WHAT NEEDS TO BE DONE -
The reply should be the records repeated exactly, without any images.

-- DATA FOR THIS TASK follows --

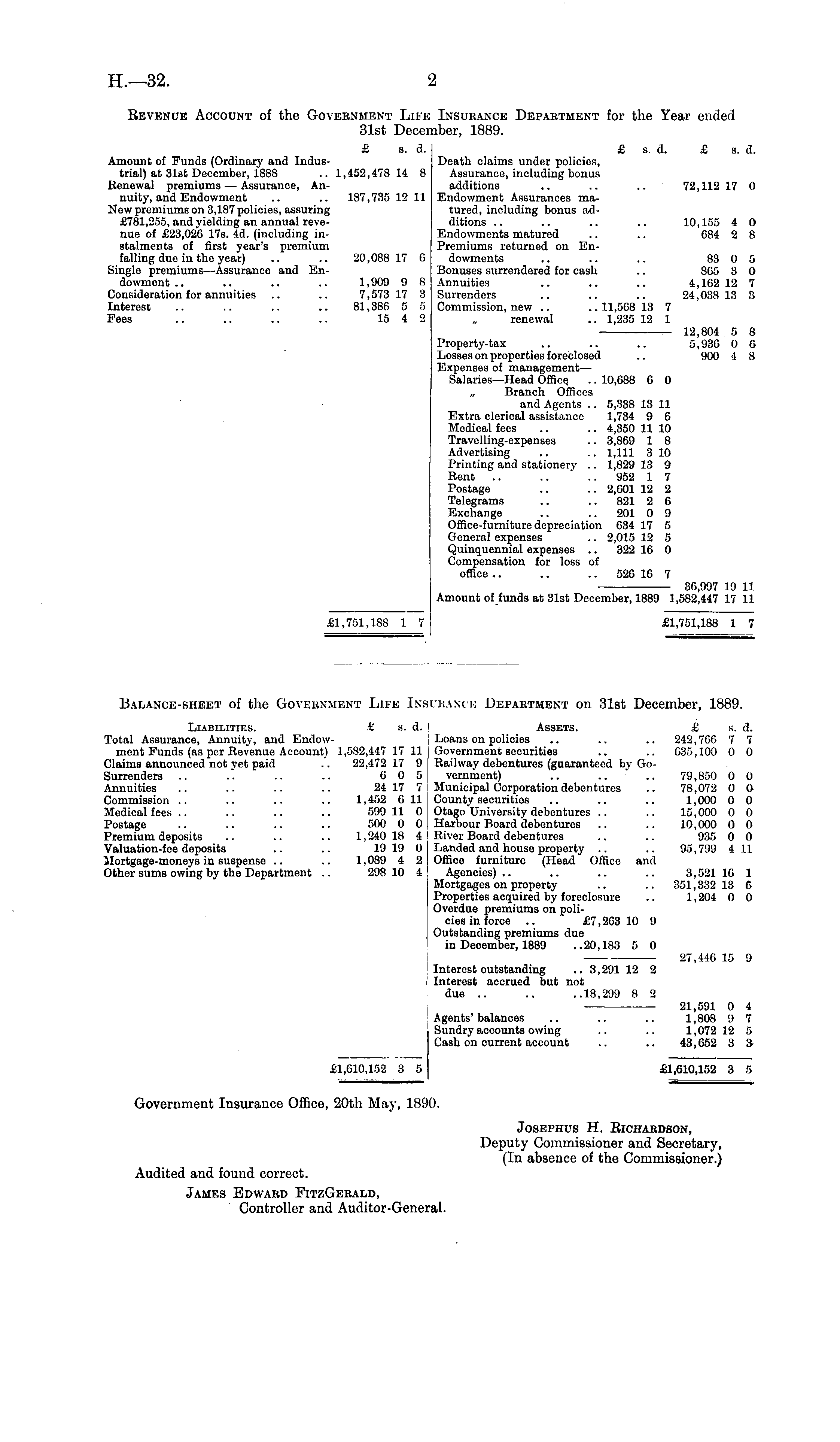 Eevenue Account of the Government Life Insurance Department for the Year ended 31st December, 1889. £ s. a. £ s. a. £ s. a. Amount of Funas (Orainary ana Inaus- Death claims under policies, trial) at 31st December, 1888 .. 1,452,478 14 8 Assurance, incluaing bonus Renewal premiums — Assurance, An- aaaitions .. .. .. 72,112 17 0 nuity, ana Enaowment .. .. 187,735 12 11 Enaowment Assurances maNew premiums on 3,187 policies, assuring turoa, incluaing bonus ad£781,255, and yieiaing an annual reve- aitions .. .. .. .. 10,155 4 0 nue of £23,026 17s. 4a. (incluaing in- Endowments matured .. .. GB4 2 8 stalments of first year's premium Premiums returned on Enfalling due in the year) .. .. 20,088 17 C dowments .. .. .. 83 0 5 Single premiums—Assurance and En- Bonuses surrendered for cash .. 805 3 0 dowmont.. .. .. .. 1,909 9 8 Annuities .. .. .. 4,162 12 7 Consideration for annuities .. .. 7,573 17 3 Surrenders .. .. .. 24,038 13 3 Interest .. .. .. .. 81,386 5 6 Commission, new .. ..11,568 13 7 Fees .. .. .. .. 15 4 2 „ renewal .. 1,235 12 1 12,804 5 8 Property-tax .. .. .. 5,936 0 6 Losses on properties foreclosed .. 900 4 8 Expenses of management— Salaries—Heaa Office .. 10,688 6 0 Branch Offices and Agents .. 5,338 13 11 Extra clerical assistance 1,734 9 6 Medical fees .. .. 4,350 11 10 Travelling-expenses .. 3,869 1 8 Advertising .. .. 1,111 310 Printing and stationery .. 1,829 13 9 Rent .. .. .. 952 1 7 Postage .. .. 2,601 12 2 Telegrams .. .. 821 2 6 Exchange .. .. 201 0 9 Office-furniture depreciation 634 17 5 General expenses .. 2,015 12 5 Quinquennial expenses .. 322 16 0 Compensation for loss of office .. .. .. 526 16 7 36,997 19 II Amount of funds at 31st December, 1889 1,582,447 17 11 £1,751,188 1 7 £1,751,188 1 7
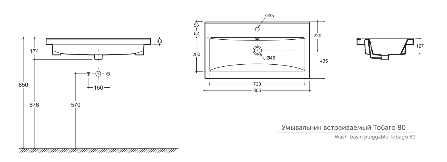 ЭРИДАН 80 Керамин умывальник мебельный к тумбе. (CDB00024887) |
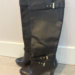Elevate your look with these chic black heeled boots. Featuring stylish strap details, they are perfect for any occasion.
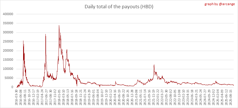 These graphs show the total of the distributed payout (posts and comments) for each day.
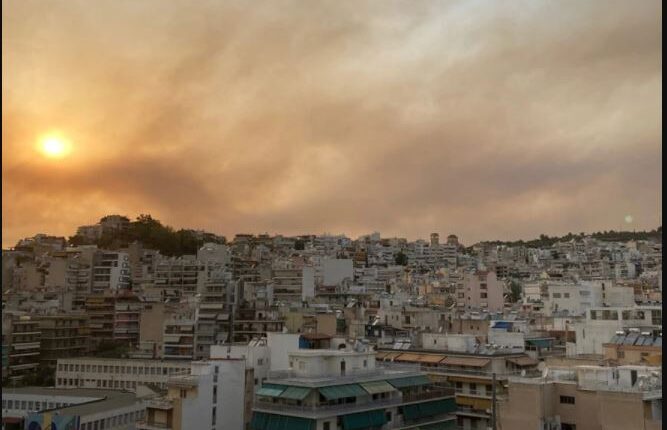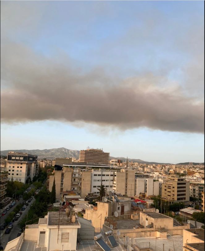 Δημιουργώντας ένα ζοφερό σκηνικό πάνω από την πόλη, από νωρίς το μεσημέρι κιόλας, οι μαύροι καπνοί είχαν καλύψει τον Αττικό ουρανό.
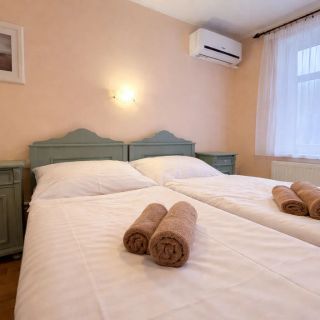 blízko centra; cca 2 km k přehradě; přístup paní majitelky; kuchyňka s vařičem a lednicí; TV s nabídkou Skylink (Astra 23,5° + 19,2°); vlastní parkoviště (3 místa); místnost na kola; klimatizace
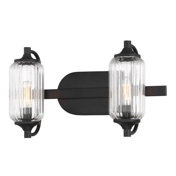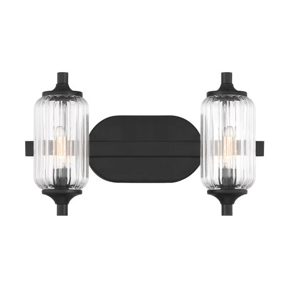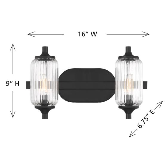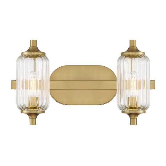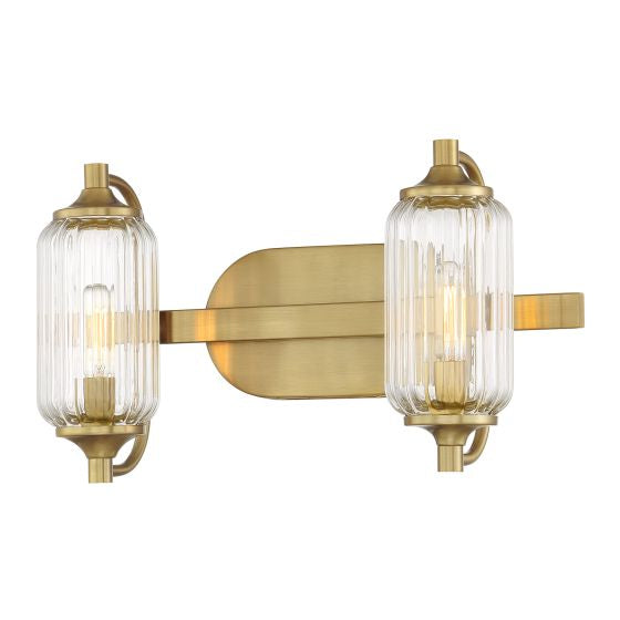 The Savoy House Holton 2-light bath light showcases an inventive and geometric style with tall, rounded shades of clear ribbed glass and a slim, rounded structure finished in Warm Brass & Matte Black. It will bring a big dose of style to any bathroom! Holton is 9" in height, 16" in width and extends 6.75" from the wall. It uses two candelabra size bulbs of up to 60 watts per bulb. Bulbs not included. Install as shown. This bath bar is damp area rated.
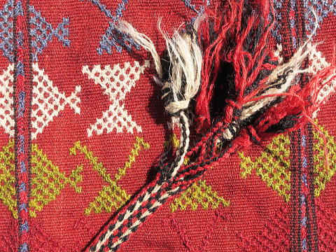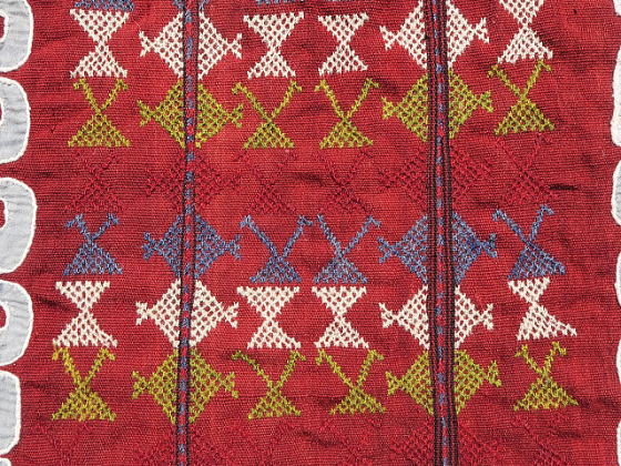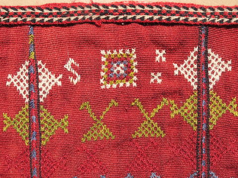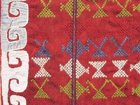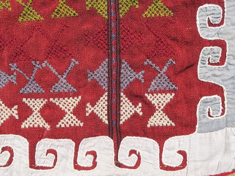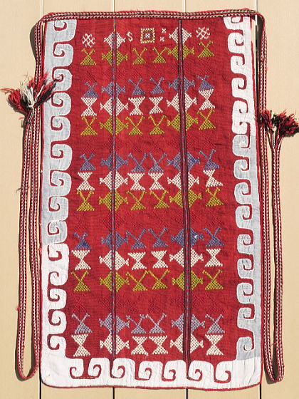 | 簡単に言えば、シワスジジムのエプロン。 エプロンのキリムは時折見つかる事がありますが、大抵はもっと簡素な作りをしています。 これは人に見られることも意識したような、非常に手の込んだ造りが自慢、一枚物の小さな赤いジジムと同等かそれ以上の評価が出来ます。 このジジムのベースは態々3枚のキリムから成り、そのつなぎ目の表面にはジジム風の装飾を入れる事で、繋ぎ目を隠してあり、裏面を見て初めて3枚のキリムで出来ていると分かります。 模様配置から推察して、このデザインの実現にはそれぞれに別々のジジムが必要だと判断したのだと思います。 その為、個々のパートの模様は縦・横方向共にかなり整合しており、同じ模様の繰り返しとは言え、赤だけのキリムベースを織りながらの連続模様の調整はさぞ大変だったでしょう。 そして、出来上がったエプロンには綿布で羊の角をデザインした模様を縫い付けた後、エプロンの外周部分にかがりを入れて補強してあります。 最後に、長いコロンを別途制作して、縫合したら出来上がり。 その長さと端の装飾から、エプロンを背中で結ぶのではなく、前方に持ってくるのかもしれません。 こうして見事なエプロンに仕上がりましたが、果たして、実用に使ったのかが不明です。 丈の長いエプロンはまるでスカートの様ですし、コロンは見た目と強度は良くても、結び目が大きく、エプロンそのものも重くなります。 むしろ、このデザインならばお祈り用としての利用価値の方がありそうで、実際、そんな感じさえ伺がわせるデザインです。 それ故、ディスプレイ等にすれば、かなり目を引きます。 世界でたった一枚の手作りのエプロン、ほぼ天然色です。 |
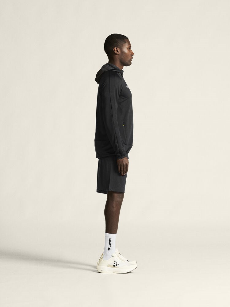 EXTEND Full Zip is a highly functional training garment designed for maximum performance at the highest level of sports. This premium jersey is made of thin, very elastic and recycled polyester fabric offering exceptional moisture transport and superb freedom of movement. In addition, the full zip jersey features side panels with structured fabric surface, two zip side pockets, woven hood, and loop to securely fasten the hood when not in use. Tight fit.
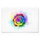 Large, blooming rose with rainbow petals on white background, painted over with splashes of colourful, bright paint. 3d
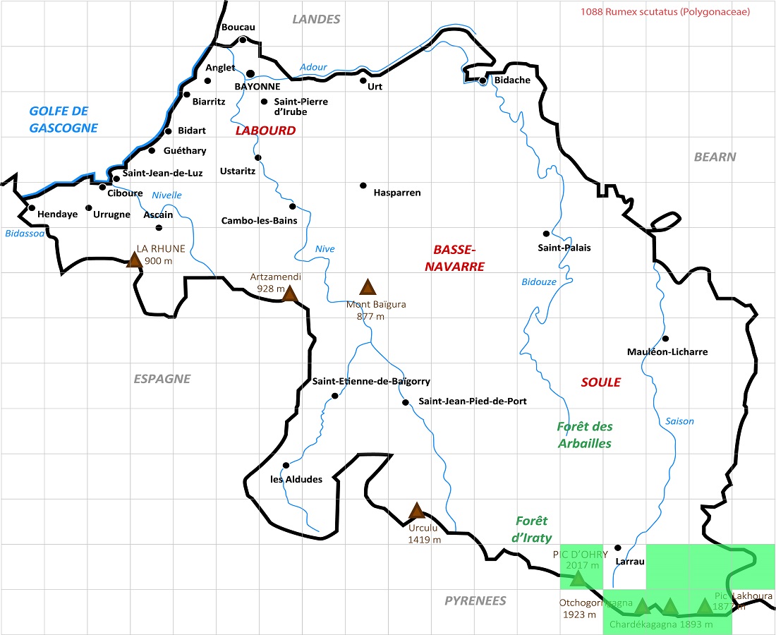 G à rhizome/Hc – 2-5 dm – Feuilles hastées larges, étranglées, à long pétiole – Fleurs ♂ et ♀ en grappes lâches effilées – Valves fructifères assez grandes, elliptiques, sans granule
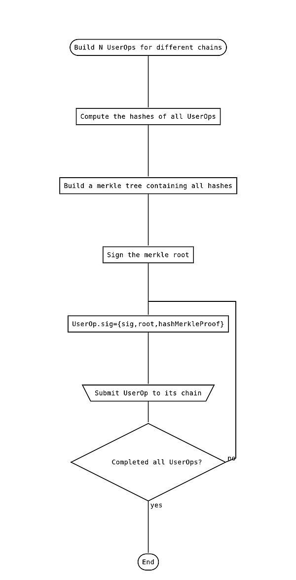 具体运行原理是:在 EIL 中,用户使用 ERC-4337 账户,其逻辑针对多链使用场景进行了优化。钱包会生成多个不同的 UserOps,然后对所有这些 UserOps 的 Merkle 根进行单次授权签名。每个链上账户的验证部分需要 (i) 一个 UserOp,(ii) 一个 Merkle 分支,证明其属于某个 Merkle 树,以及 (iii) 对该 Merkle 树根的签名。
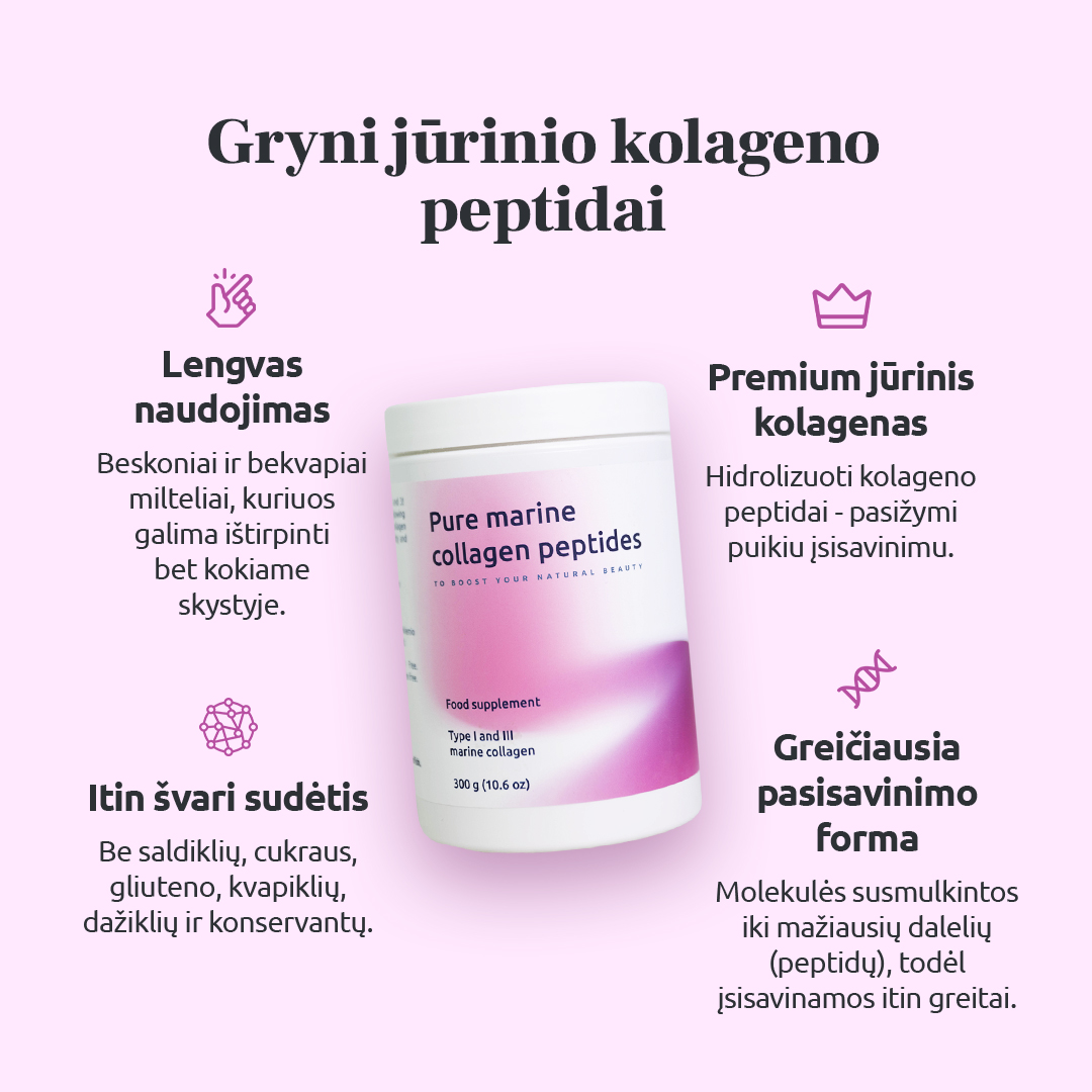 - Mūsų kolagenas ypatingas tuo, kad šiame produkte kolageno molekulės yra susmulkintos iki mažiausių ir greičiausiai pasisavinančių dalių – peptidų;

-- DATA FOR THIS TASK concluded --

YOUR RESPONSE -
 Eevenue Account of the Government Life Insurance Department for the Year ended 31st December, 1889. £ s. a. £ s. a. £ s. a. Amount of Funas (Orainary ana Inaus- Death claims under policies, trial) at 31st December, 1888 .. 1,452,478 14 8 Assurance, incluaing bonus Renewal premiums — Assurance, An- aaaitions .. .. .. 72,112 17 0 nuity, ana Enaowment .. .. 187,735 12 11 Enaowment Assurances maNew premiums on 3,187 policies, assuring turoa, incluaing bonus ad£781,255, and yieiaing an annual reve- aitions .. .. .. .. 10,155 4 0 nue of £23,026 17s. 4a. (incluaing in- Endowments matured .. .. GB4 2 8 stalments of first year's premium Premiums returned on Enfalling due in the year) .. .. 20,088 17 C dowments .. .. .. 83 0 5 Single premiums—Assurance and En- Bonuses surrendered for cash .. 805 3 0 dowmont.. .. .. .. 1,909 9 8 Annuities .. .. .. 4,162 12 7 Consideration for annuities .. .. 7,573 17 3 Surrenders .. .. .. 24,038 13 3 Interest .. .. .. .. 81,386 5 6 Commission, new .. ..11,568 13 7 Fees .. .. .. .. 15 4 2 „ renewal .. 1,235 12 1 12,804 5 8 Property-tax .. .. .. 5,936 0 6 Losses on properties foreclosed .. 900 4 8 Expenses of management— Salaries—Heaa Office .. 10,688 6 0 Branch Offices and Agents .. 5,338 13 11 Extra clerical assistance 1,734 9 6 Medical fees .. .. 4,350 11 10 Travelling-expenses .. 3,869 1 8 Advertising .. .. 1,111 310 Printing and stationery .. 1,829 13 9 Rent .. .. .. 952 1 7 Postage .. .. 2,601 12 2 Telegrams .. .. 821 2 6 Exchange .. .. 201 0 9 Office-furniture depreciation 634 17 5 General expenses .. 2,015 12 5 Quinquennial expenses .. 322 16 0 Compensation for loss of office .. .. .. 526 16 7 36,997 19 II Amount of funds at 31st December, 1889 1,582,447 17 11 £1,751,188 1 7 £1,751,188 1 7
 ЭРИДАН 80 Керамин умывальник мебельный к тумбе. (CDB00024887) |
Elevate your look with these chic black heeled boots. Featuring stylish strap details, they are perfect for any occasion.
 These graphs show the total of the distributed payout (posts and comments) for each day.
 Δημιουργώντας ένα ζοφερό σκηνικό πάνω από την πόλη, από νωρίς το μεσημέρι κιόλας, οι μαύροι καπνοί είχαν καλύψει τον Αττικό ουρανό.
 blízko centra; cca 2 km k přehradě; přístup paní majitelky; kuchyňka s vařičem a lednicí; TV s nabídkou Skylink (Astra 23,5° + 19,2°); vlastní parkoviště (3 místa); místnost na kola; klimatizace
 The Savoy House Holton 2-light bath light showcases an inventive and geometric style with tall, rounded shades of clear ribbed glass and a slim, rounded structure finished in Warm Brass & Matte Black. It will bring a big dose of style to any bathroom! Holton is 9" in height, 16" in width and extends 6.75" from the wall. It uses two candelabra size bulbs of up to 60 watts per bulb. Bulbs not included. Install as shown. This bath bar is damp area rated.
 | 簡単に言えば、シワスジジムのエプロン。 エプロンのキリムは時折見つかる事がありますが、大抵はもっと簡素な作りをしています。 これは人に見られることも意識したような、非常に手の込んだ造りが自慢、一枚物の小さな赤いジジムと同等かそれ以上の評価が出来ます。 このジジムのベースは態々3枚のキリムから成り、そのつなぎ目の表面にはジジム風の装飾を入れる事で、繋ぎ目を隠してあり、裏面を見て初めて3枚のキリムで出来ていると分かります。 模様配置から推察して、このデザインの実現にはそれぞれに別々のジジムが必要だと判断したのだと思います。 その為、個々のパートの模様は縦・横方向共にかなり整合しており、同じ模様の繰り返しとは言え、赤だけのキリムベースを織りながらの連続模様の調整はさぞ大変だったでしょう。 そして、出来上がったエプロンには綿布で羊の角をデザインした模様を縫い付けた後、エプロンの外周部分にかがりを入れて補強してあります。 最後に、長いコロンを別途制作して、縫合したら出来上がり。 その長さと端の装飾から、エプロンを背中で結ぶのではなく、前方に持ってくるのかもしれません。 こうして見事なエプロンに仕上がりましたが、果たして、実用に使ったのかが不明です。 丈の長いエプロンはまるでスカートの様ですし、コロンは見た目と強度は良くても、結び目が大きく、エプロンそのものも重くなります。 むしろ、このデザインならばお祈り用としての利用価値の方がありそうで、実際、そんな感じさえ伺がわせるデザインです。 それ故、ディスプレイ等にすれば、かなり目を引きます。 世界でたった一枚の手作りのエプロン、ほぼ天然色です。 |
 EXTEND Full Zip is a highly functional training garment designed for maximum performance at the highest level of sports. This premium jersey is made of thin, very elastic and recycled polyester fabric offering exceptional moisture transport and superb freedom of movement. In addition, the full zip jersey features side panels with structured fabric surface, two zip side pockets, woven hood, and loop to securely fasten the hood when not in use. Tight fit.
 Large, blooming rose with rainbow petals on white background, painted over with splashes of colourful, bright paint. 3d
 G à rhizome/Hc – 2-5 dm – Feuilles hastées larges, étranglées, à long pétiole – Fleurs ♂ et ♀ en grappes lâches effilées – Valves fructifères assez grandes, elliptiques, sans granule
 具体运行原理是:在 EIL 中,用户使用 ERC-4337 账户,其逻辑针对多链使用场景进行了优化。钱包会生成多个不同的 UserOps,然后对所有这些 UserOps 的 Merkle 根进行单次授权签名。每个链上账户的验证部分需要 (i) 一个 UserOp,(ii) 一个 Merkle 分支,证明其属于某个 Merkle 树,以及 (iii) 对该 Merkle 树根的签名。
 - Mūsų kolagenas ypatingas tuo, kad šiame produkte kolageno molekulės yra susmulkintos iki mažiausių ir greičiausiai pasisavinančių dalių – peptidų;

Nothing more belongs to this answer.